Located on Boul Jutras E, the Coliseé Desjardins is pretty easy to get to. There is plenty of parking, especially with the mall across the street. There are a couple of options for before and after the game. You could give Valentine a try, which is a French fast food chain, or if you are looking for something more original, you could try Restaurant Plus.
Attendance for the Tigres ends up averaging between 2,500 and 3,200 per game. This average puts the Tigres smack dab in the middle of the QMJHL. The fans in Victoriaville are a bit more subdued and quiet for Quebecois fans, but they are hearty and follow their team with more than a passing interest. It was extremely disappointing, however, to hear and see hundreds of fans engaging in conversations during the national anthems. Definitely a lack of respect.
Getting to the Coliseé is not too difficult as it is located on Boul. Jutras E. As mentioned above, there is some free parking in the complex, and there is a mall across the street. Getting in and out of the area is not the problem.
The problem is getting around once you are inside the Coliseé. The walkways are very small and crowded. Many people enjoy the standing room behind the seating area, which further complicates manoeuvring around the arena.
Outside of the Amphitheatre, there is little in the way of space as well. The washroom facilities inside the Amphitheatre are less than adequate, with washrooms so small that you can see inside from the walkway. Add to this that the team store and concessions are in that same general area, and you will find it more than just a minor challenge to get around during intermission.
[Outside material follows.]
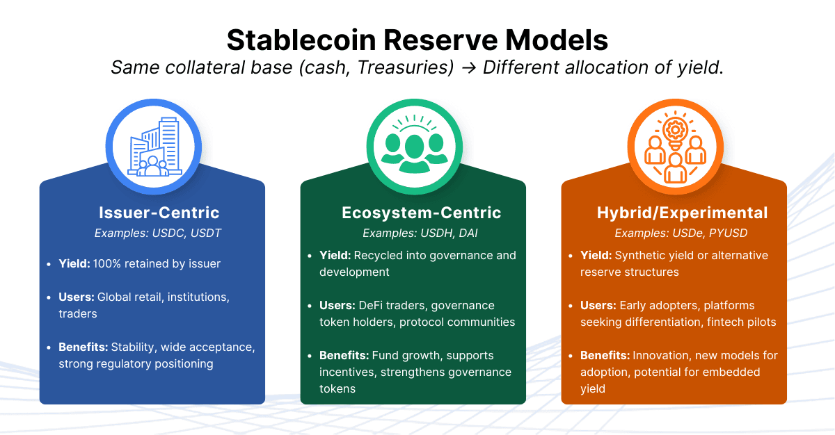 Issuer-centric models (USDC, USDT): yield concentrated at the corporate level, prioritising regulatory caution and balance sheet strength.
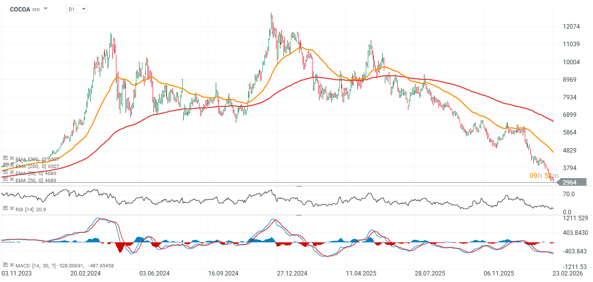 Futures na kakao (COCOA) na burze ICE dnes prudce oslabily, když ztratily více než 5 % a klesly pod hranici 3 000 USD za tunu – na úrovně nevídané od května 2023. Trh je pod tlakem chronicky slabé fyzické poptávky, výrazného zpomalení zpracování, příznivého počasí v západní Africe a vyhlídky na silnou sklizeň, což současně snižuje výnosy afrických farmářů.

In general, QMJHL hockey offers the best value for your dollar anywhere, and Victoriaville is no different. Adult tickets go for $15 each, and children are a mere $8. It appears to be a common theme in the QMJHL that the children are key, and they should be targeted. A great family environment is provided. Concession prices are reasonable, and parking should be free, so you are in for a great day of great hockey for a price that will not break the bank.
An extra mark for the display of local favourite Gilbert Perreault outside of the Amphitheatre.
An extra mark for the original idea of naming the sections after other local heroes. Section 4 is named after Jean Beliveau and Section 2 is named after Gilles Marotte.
An extra mark for the old school quarter vending machines, which were once found in every minor hockey rink in every town, and are still prevalent in Victoriaville.
Travelling through Quebec can be a bit intimidating for any Anglophone, especially in the smaller cities, away from the tourist areas of Montreal and Quebec City. However, stadium travellers should attempt to see real grassroots hockey the way it was meant to be seen in Quebec. The passion is there, and the price is right. This is as applicable in Victoriaville as anywhere else in La belle province. In Victoriaville, they have the tiger by the tail, and the Tigres will put on a show for you!